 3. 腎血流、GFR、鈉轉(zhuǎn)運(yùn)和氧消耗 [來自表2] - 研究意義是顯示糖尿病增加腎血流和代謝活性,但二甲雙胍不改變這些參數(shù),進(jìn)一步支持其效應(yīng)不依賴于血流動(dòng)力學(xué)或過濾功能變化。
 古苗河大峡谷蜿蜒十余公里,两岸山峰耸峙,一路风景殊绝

==

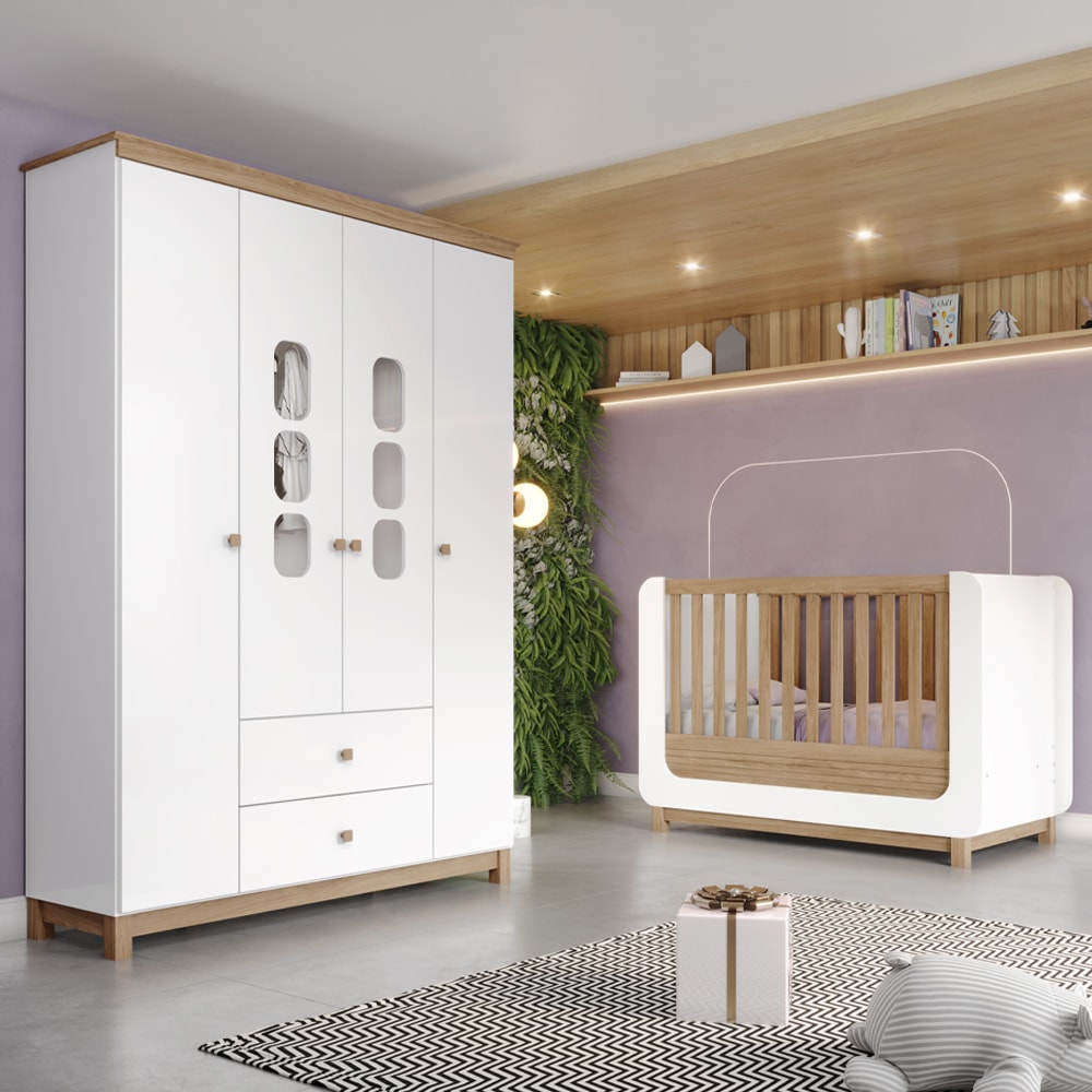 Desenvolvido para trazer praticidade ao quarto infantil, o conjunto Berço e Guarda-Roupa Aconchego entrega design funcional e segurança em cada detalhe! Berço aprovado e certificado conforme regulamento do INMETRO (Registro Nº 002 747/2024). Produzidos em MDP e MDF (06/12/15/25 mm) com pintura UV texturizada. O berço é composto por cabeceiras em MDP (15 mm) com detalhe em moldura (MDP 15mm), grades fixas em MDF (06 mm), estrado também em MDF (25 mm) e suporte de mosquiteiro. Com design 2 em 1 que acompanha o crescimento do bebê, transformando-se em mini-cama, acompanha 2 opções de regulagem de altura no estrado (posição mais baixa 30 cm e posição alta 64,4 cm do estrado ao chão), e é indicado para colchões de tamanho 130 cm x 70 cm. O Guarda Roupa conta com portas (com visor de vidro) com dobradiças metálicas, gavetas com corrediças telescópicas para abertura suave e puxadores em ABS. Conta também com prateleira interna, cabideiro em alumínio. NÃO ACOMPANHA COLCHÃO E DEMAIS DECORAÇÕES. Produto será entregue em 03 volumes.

* _About this task_:
The output should be exactly the lines above from the line containing "3. 腎血流、GFR、鈉轉(zhuǎn)運(yùn)和氧消耗 [來自表2]" to the line containing "古苗河大峡谷蜿蜒十余公里,两岸山峰耸峙,一路风景殊绝", inclusive, with no other lines.

* _Answer to this exercise_:
 3. 腎血流、GFR、鈉轉(zhuǎn)運(yùn)和氧消耗 [來自表2] - 研究意義是顯示糖尿病增加腎血流和代謝活性,但二甲雙胍不改變這些參數(shù),進(jìn)一步支持其效應(yīng)不依賴于血流動(dòng)力學(xué)或過濾功能變化。
 古苗河大峡谷蜿蜒十余公里,两岸山峰耸峙,一路风景殊绝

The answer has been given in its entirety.